Review by Andrew Bloom

South Park: Season 16

16x05 Butterballs

[7.2/10] This episode is a real mixed bag, with the good outweighing the bad, which comes through in both parts of the episode.

The Butters portions are mostly quite well done. I love the sideways premise that Butters’s bully -- the one who’s making his life a living hell -- turns out to be his ostensibly sweet grandmother. The idea of a kindly old lady acting like a mean fifth grader to her grandson is one of those oddball South Park scenarios that generates humor from the situation alone.

But to be honest, Butters’s grandmother was so cruel that it became uncomfortable at times, particular the fork-stabbing stuff. Far be it from me to criticize South Park for getting too real, but I’d have preferred it if Butters’s grandmother stuck to absurd bullying tactics like dressing up in a Prof. Chaos-style outfit of her own and giving Butters “gummy bears” than things that feel closer to real life abuse.

That said, I thought Butters’s moment of clarity and speech to his grandmother at the end was really well done and effective. Bullying is a complicated issue, and the way the show brushes some of it off is a little eh, but I really like Butters’s realization that it won’t last forever, and that the best revenge is living well. It’s heartening, even inspiring stuff from a not very sentimental show.

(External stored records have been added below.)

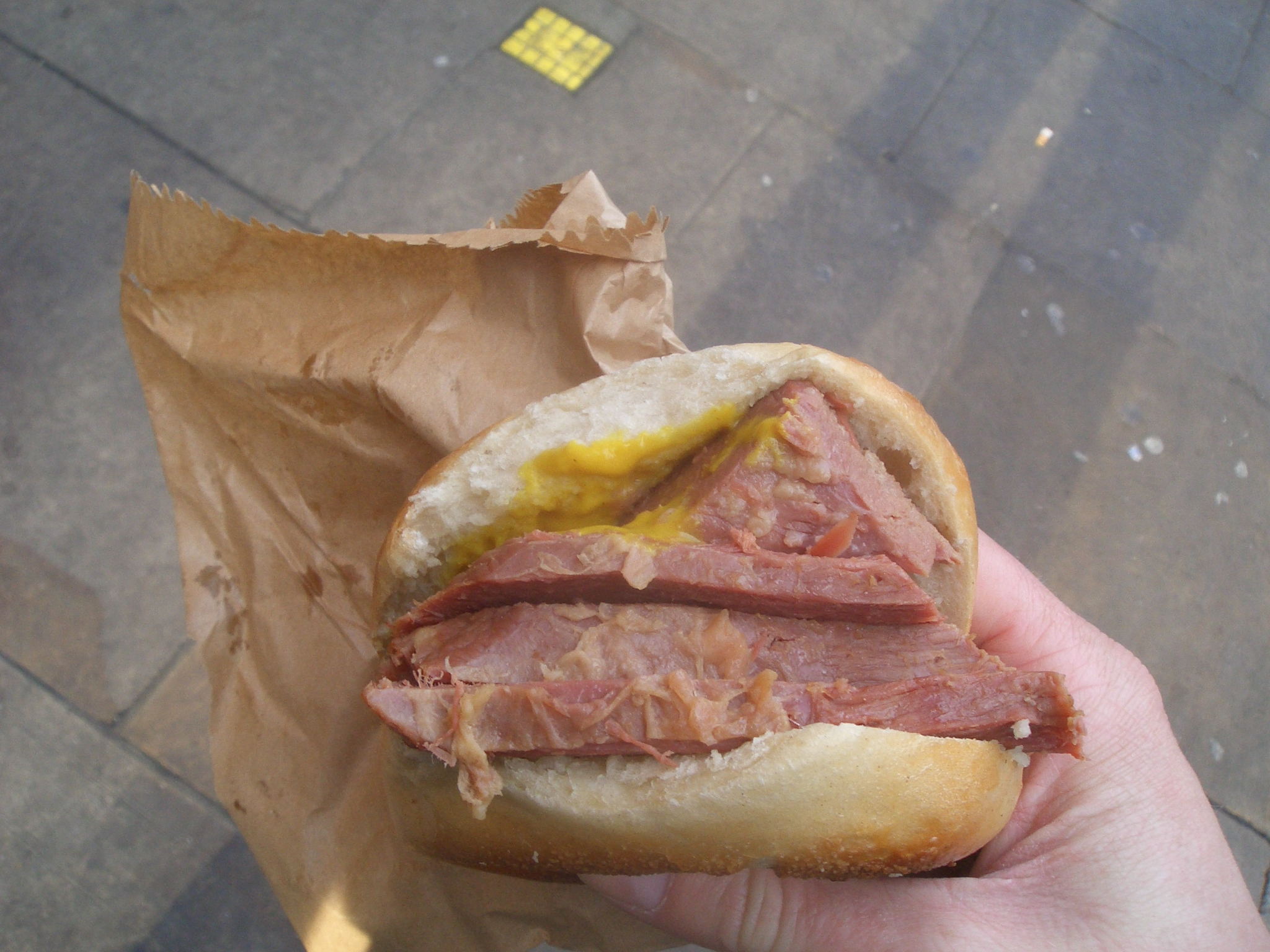 Salt beef bagel bought on Brick Lane. Photo by User:Edward, taken 27 November 2005.
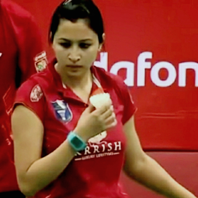 Jwala Gutta during a match at the IBL.
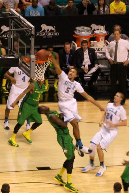 Kyle Anderson of the UCLA Bruins dunks over Richard Amardi of the Oregon Ducks during 2014 Pac-12 Tournament
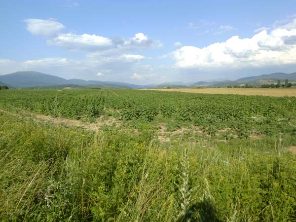 Знеполе
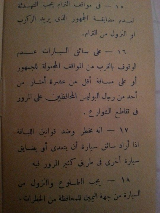 Egyptian driving licence issued in 1933
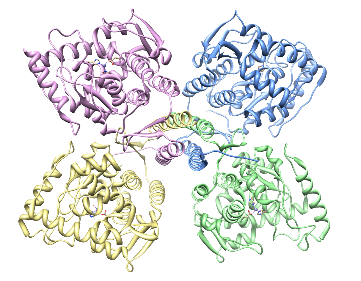 This image shows the tetramer of tyrosine hydroxylase with each subunits marked with the colours green, yellow, pink and blue.
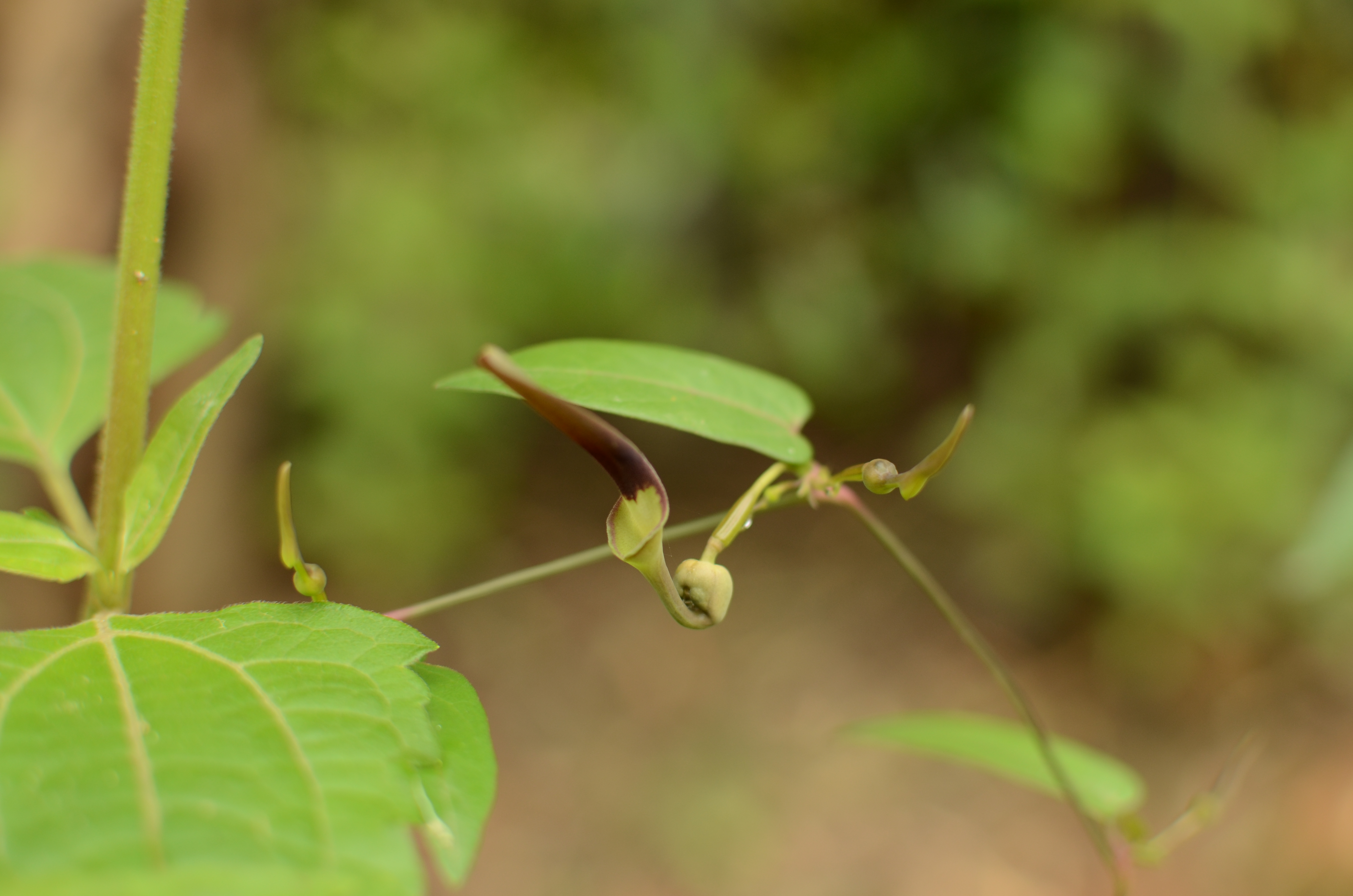 An immature flower of Aristolochia indica
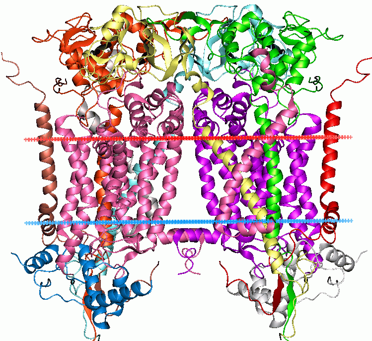 cytochrome bc1 complex (complex III). Protein image from OPM database
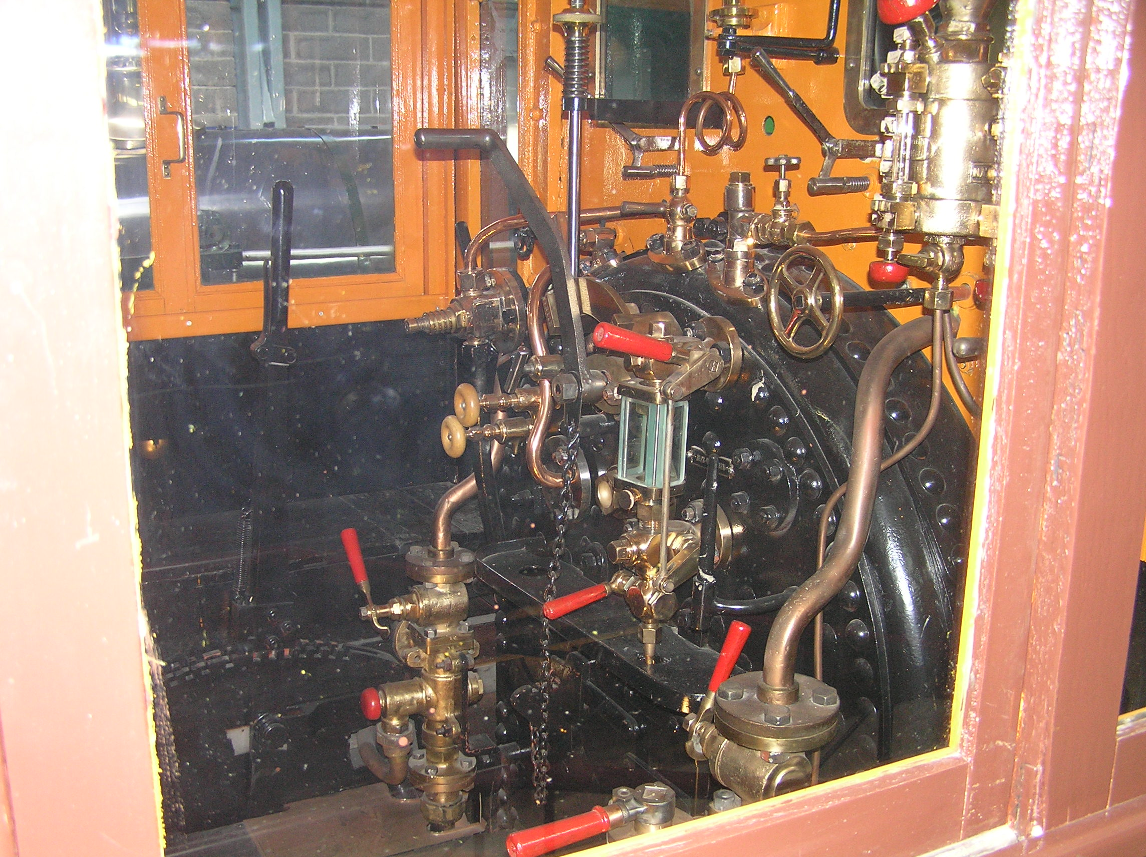 The Cab interior of VR Class C1 steam locomotive no. 21 (the Neilson British "Neilson and Company" locomotive) at the Finnish Railway Museum in Hyvinkää, Finland.

Stan’s portion of the episode is a lot more of a mixed bag. Some of the individual gags are great. Even though the anti-bullying video the show was parodying at the time has faded into obscurity, the visual creativity of the lip dub still wins the day (especially with the setup and payoff of Cartman’s complaints about modern pop), and the irony of a song entitled “Let’s Make Bullying Kill Itself” is very funny.

But the story itself spins out pretty quickly. For one thing, the “Kony 2012” parody stuff feels super dated just a few years later, and it feels too specific and tied to that particular event to be a more general satire of people taking up causes for personal aggrandizement. The bits with anti-bullying people bullying others about anti-bullying is a funny bit of recursive comedy, and the escalating series of gags of people confronting one another in the bathroom is a good gag, but the episode runs both into the ground. (Though I got a kick out of the idea that hell is a form of bullying.)

The stuff with Stan didn’t really go anywhere, mostly serving as a kind of amorphous support system for the disconnected gags. That said, I just die laughing every time at the fake San Diego tourism video, which works entirely divorced from its original context as just a silly piece of absurdism. Damn if that tune doesn't get caught in your head and dredged up every time someone mentions San Diego.

Overalll, there’s a lot of good stuff in this one, it’s just not as tight or well-built as some other South Park episodes.